======== GIVEN ENTRIES

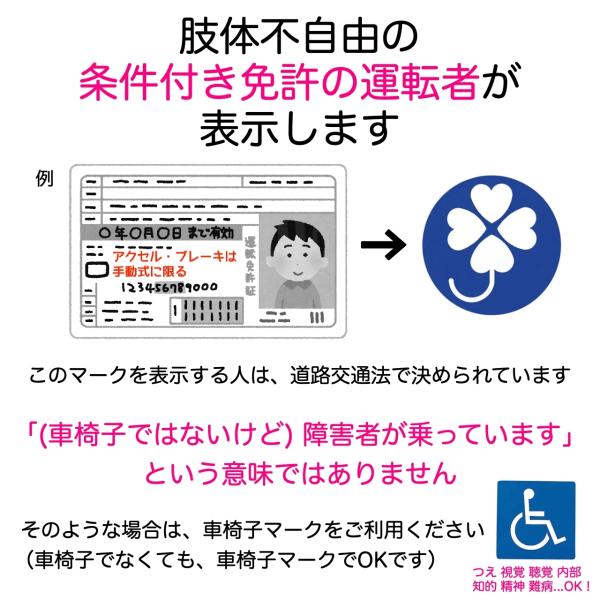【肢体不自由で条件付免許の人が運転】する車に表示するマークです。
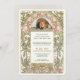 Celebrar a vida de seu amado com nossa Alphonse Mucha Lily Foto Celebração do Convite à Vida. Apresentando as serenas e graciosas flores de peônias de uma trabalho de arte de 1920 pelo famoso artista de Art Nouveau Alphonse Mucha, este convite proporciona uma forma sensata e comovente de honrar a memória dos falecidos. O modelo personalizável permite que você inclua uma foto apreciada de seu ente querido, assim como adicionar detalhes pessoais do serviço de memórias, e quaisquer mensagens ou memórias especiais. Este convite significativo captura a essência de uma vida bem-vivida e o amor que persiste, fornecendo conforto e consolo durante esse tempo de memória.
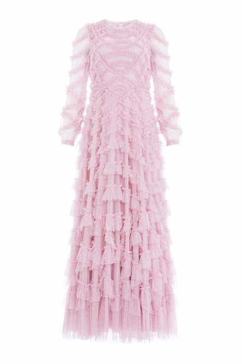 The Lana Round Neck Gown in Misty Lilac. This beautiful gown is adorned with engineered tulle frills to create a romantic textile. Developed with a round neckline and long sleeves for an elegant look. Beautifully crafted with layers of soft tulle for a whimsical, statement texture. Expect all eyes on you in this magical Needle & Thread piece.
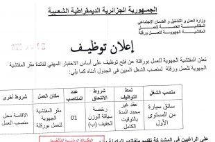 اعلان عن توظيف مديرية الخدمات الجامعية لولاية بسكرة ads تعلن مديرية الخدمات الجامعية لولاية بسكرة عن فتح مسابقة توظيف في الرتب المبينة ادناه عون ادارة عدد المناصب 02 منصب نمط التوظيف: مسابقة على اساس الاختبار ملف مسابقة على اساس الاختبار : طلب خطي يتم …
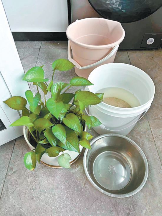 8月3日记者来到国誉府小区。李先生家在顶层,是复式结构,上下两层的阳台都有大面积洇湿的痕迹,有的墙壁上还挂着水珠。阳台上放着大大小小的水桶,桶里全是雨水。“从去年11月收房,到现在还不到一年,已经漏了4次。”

================
======== GIVEN ENTRIES

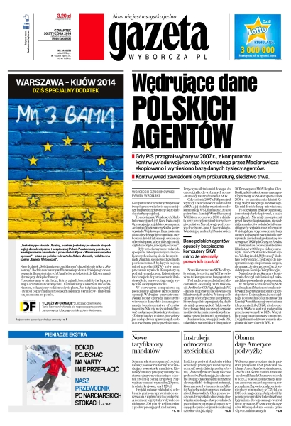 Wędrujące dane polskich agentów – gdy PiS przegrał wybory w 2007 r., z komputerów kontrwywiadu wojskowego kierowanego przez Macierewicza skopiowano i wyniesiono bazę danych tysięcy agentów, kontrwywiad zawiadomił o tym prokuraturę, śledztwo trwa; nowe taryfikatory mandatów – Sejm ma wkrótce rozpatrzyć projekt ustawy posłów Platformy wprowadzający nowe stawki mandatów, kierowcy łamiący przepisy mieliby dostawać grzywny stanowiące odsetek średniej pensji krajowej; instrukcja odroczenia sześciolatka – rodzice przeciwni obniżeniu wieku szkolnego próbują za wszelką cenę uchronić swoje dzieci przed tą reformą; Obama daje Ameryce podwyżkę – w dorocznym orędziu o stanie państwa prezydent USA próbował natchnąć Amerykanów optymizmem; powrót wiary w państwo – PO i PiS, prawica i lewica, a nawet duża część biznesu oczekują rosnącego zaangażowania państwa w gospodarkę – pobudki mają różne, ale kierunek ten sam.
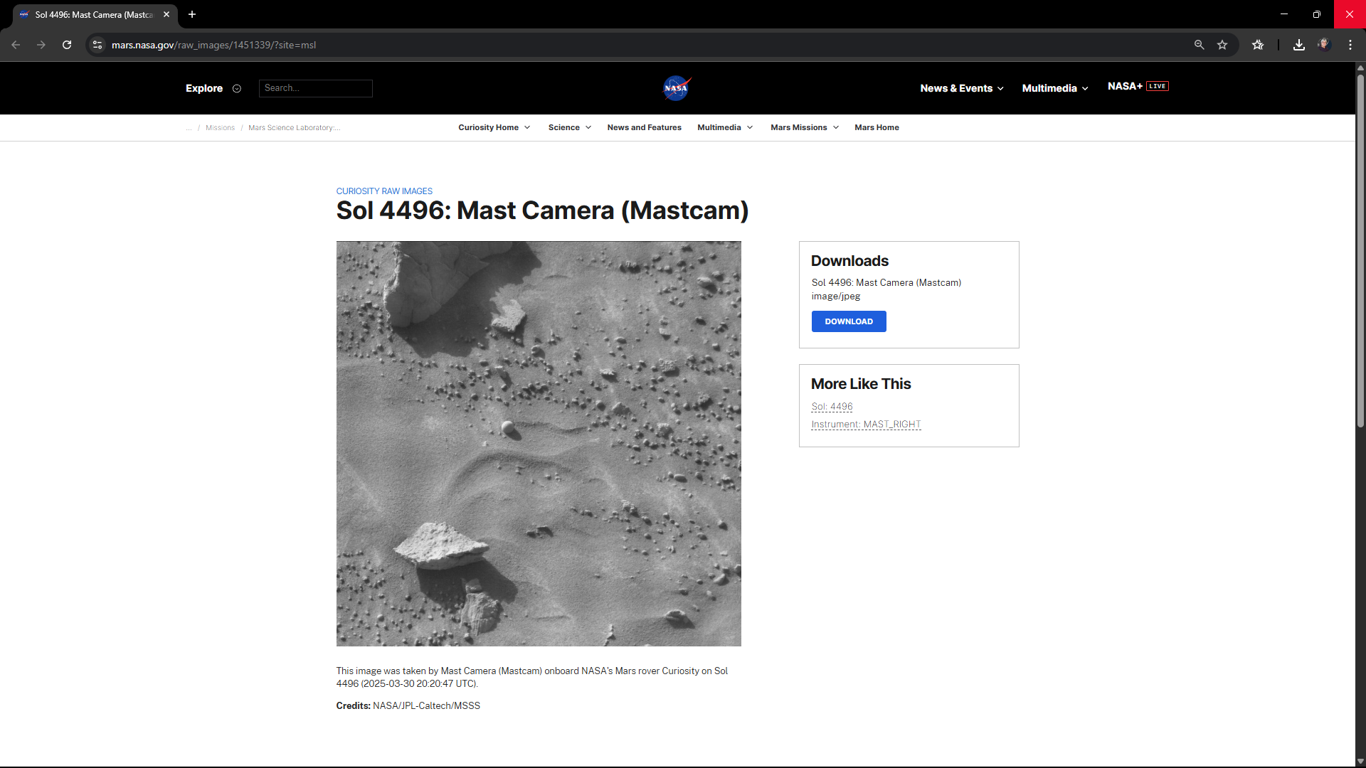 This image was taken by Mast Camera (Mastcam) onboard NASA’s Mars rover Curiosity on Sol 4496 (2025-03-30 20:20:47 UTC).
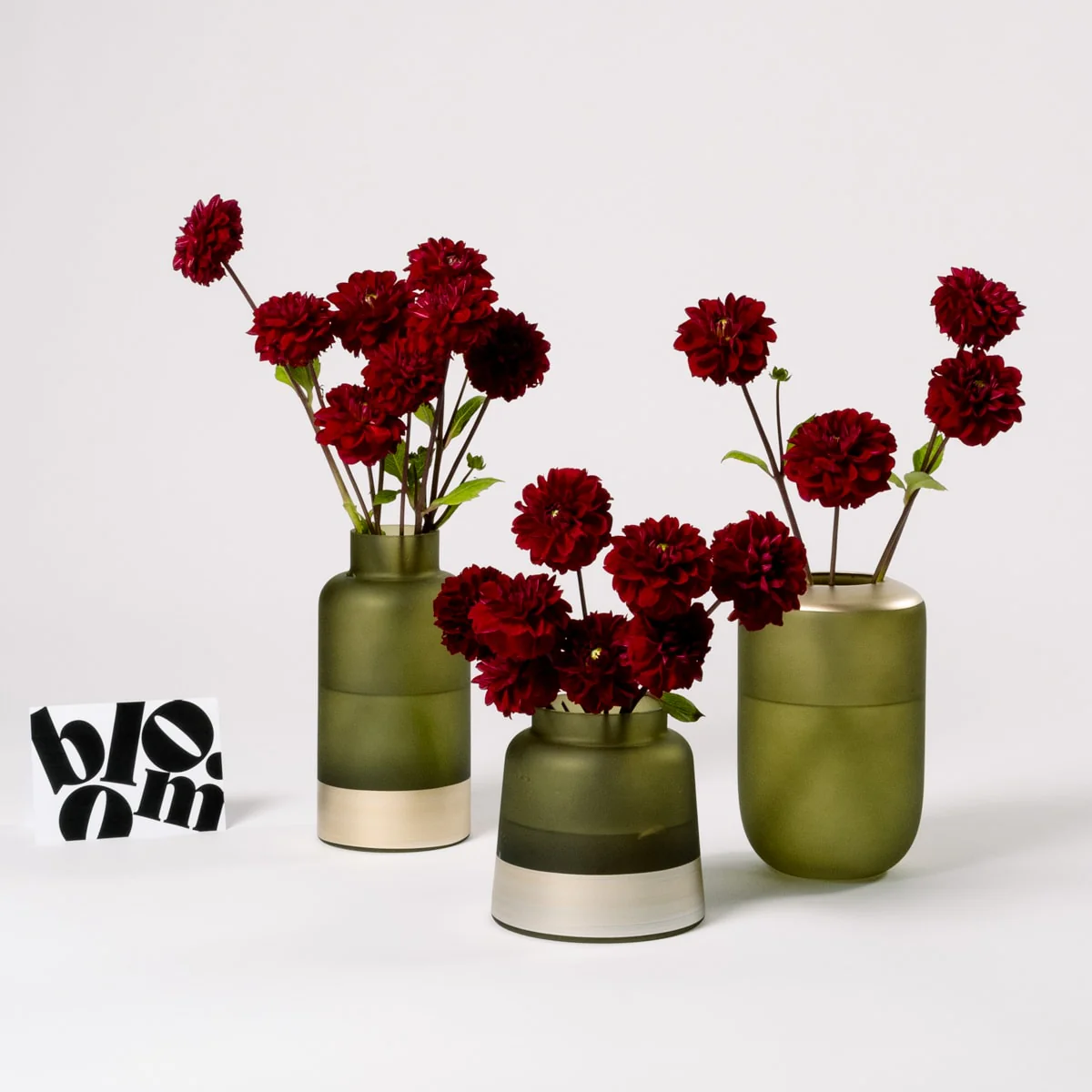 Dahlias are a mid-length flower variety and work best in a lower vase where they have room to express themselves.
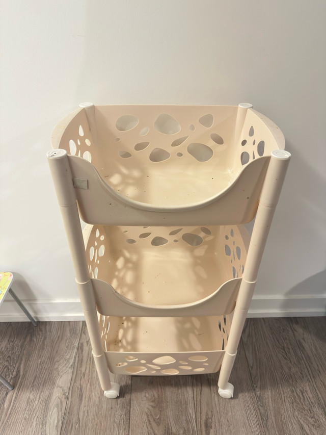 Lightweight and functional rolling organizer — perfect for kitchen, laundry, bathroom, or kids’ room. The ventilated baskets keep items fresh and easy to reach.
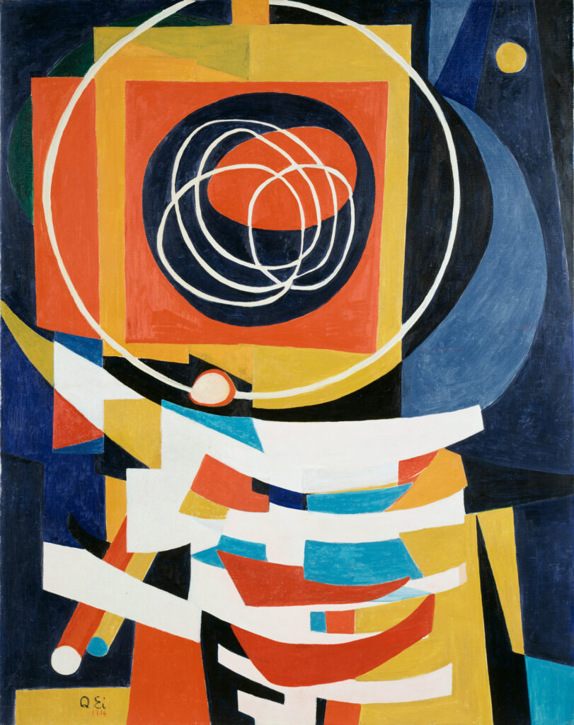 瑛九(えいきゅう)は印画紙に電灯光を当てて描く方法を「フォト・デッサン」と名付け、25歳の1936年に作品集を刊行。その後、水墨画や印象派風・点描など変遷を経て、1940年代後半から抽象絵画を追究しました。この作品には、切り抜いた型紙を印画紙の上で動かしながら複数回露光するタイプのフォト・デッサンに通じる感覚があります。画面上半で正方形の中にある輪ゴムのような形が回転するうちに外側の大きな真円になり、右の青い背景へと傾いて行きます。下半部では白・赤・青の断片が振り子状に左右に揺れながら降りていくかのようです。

================

▶ _AIM OF THE EXERCISE_:
Between and including the line above that contains "Lightweight and functional" and the line that contains "瑛九(えいきゅう)は印画紙に", restate every line word for word. Pictures stay out.

▶ _RESPONSE FOR THIS EXERCISE_:
 Lightweight and functional rolling organizer — perfect for kitchen, laundry, bathroom, or kids’ room. The ventilated baskets keep items fresh and easy to reach.
 瑛九(えいきゅう)は印画紙に電灯光を当てて描く方法を「フォト・デッサン」と名付け、25歳の1936年に作品集を刊行。その後、水墨画や印象派風・点描など変遷を経て、1940年代後半から抽象絵画を追究しました。この作品には、切り抜いた型紙を印画紙の上で動かしながら複数回露光するタイプのフォト・デッサンに通じる感覚があります。画面上半で正方形の中にある輪ゴムのような形が回転するうちに外側の大きな真円になり、右の青い背景へと傾いて行きます。下半部では白・赤・青の断片が振り子状に左右に揺れながら降りていくかのようです。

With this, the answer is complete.